Rund 150 Menschen, darunter auch US-Bürger, befinden sich weiterhin an Bord des Schiffs, das vor der Küste von Praia vor Anker liegt. Die Reise hatte in Argentinien begonnen und führte über abgelegene Regionen, bevor mehrere Passagiere an einer schnell fortschreitenden Atemwegserkrankung erkrankten. Insgesamt wurden bisher sieben Fälle des seltenen Hantavirus festgestellt oder vermutet.

Zu den Todesopfern zählen ein niederländisches Ehepaar sowie eine deutsche Staatsbürgerin. Ein britischer Passagier wird derzeit in Südafrika intensivmedizinisch behandelt, sein Zustand hat sich zuletzt verbessert. Weitere Crewmitglieder zeigen ebenfalls Krankheitssymptome.

Nach der Evakuierung soll das Schiff zu den Kanarischen Inseln weiterfahren.
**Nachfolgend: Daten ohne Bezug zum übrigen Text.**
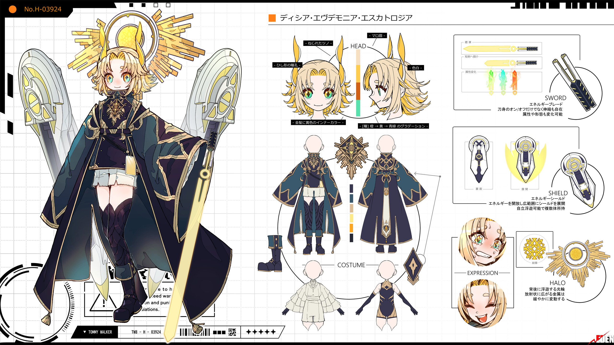 外見: 金の瞳、金髪、色白の肌
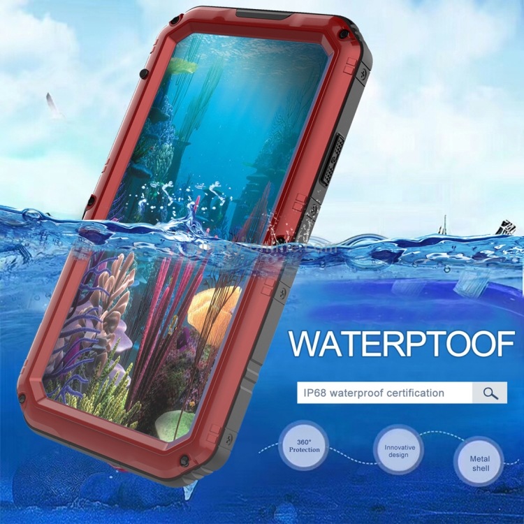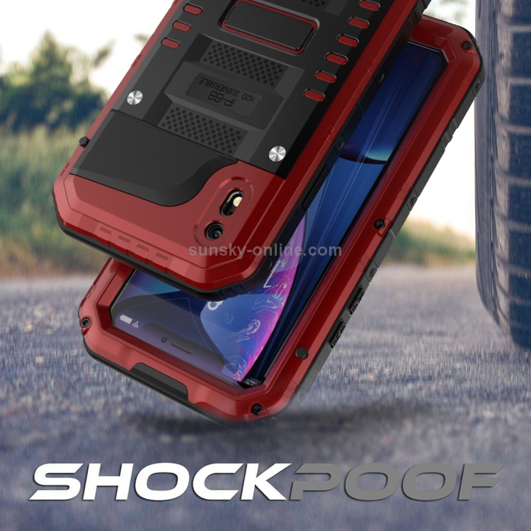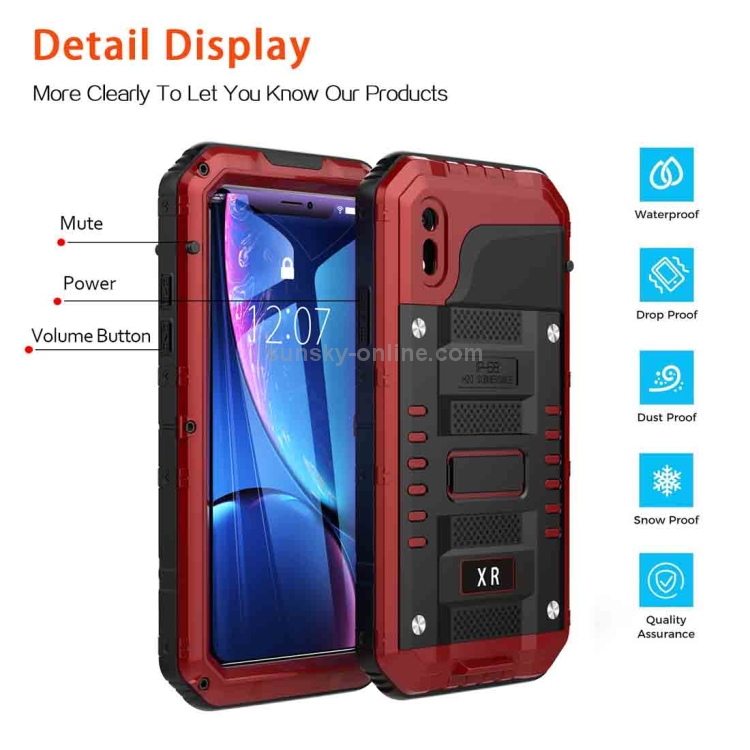 Funda para iPhone Xr Aleación de Zinc y Silicona Resistente al Agua Polvo Golpes (Rojo)

Dort sind umfassende Untersuchungen und Desinfektionsmaßnahmen geplant. An Bord gelten bereits strenge Sicherheitsvorkehrungen, darunter Isolation, Hygienemaßnahmen und medizinische Überwachung. Die Situation wird als angespannt, aber kontrolliert beschrieben.

Die genaue Ursache des Ausbruchs ist noch unklar. Experten vermuten, dass sich einige Passagiere möglicherweise bereits vor Reisebeginn infiziert haben könnten. Hantaviren werden normalerweise durch Kontakt mit Nagetieren oder deren Ausscheidungen übertragen. Eine seltene Form des Virus kann jedoch auch von Mensch zu Mensch weitergegeben werden. Die Sterblichkeitsrate ist vergleichsweise hoch, insbesondere wenn schwere Atemwegssymptome auftreten.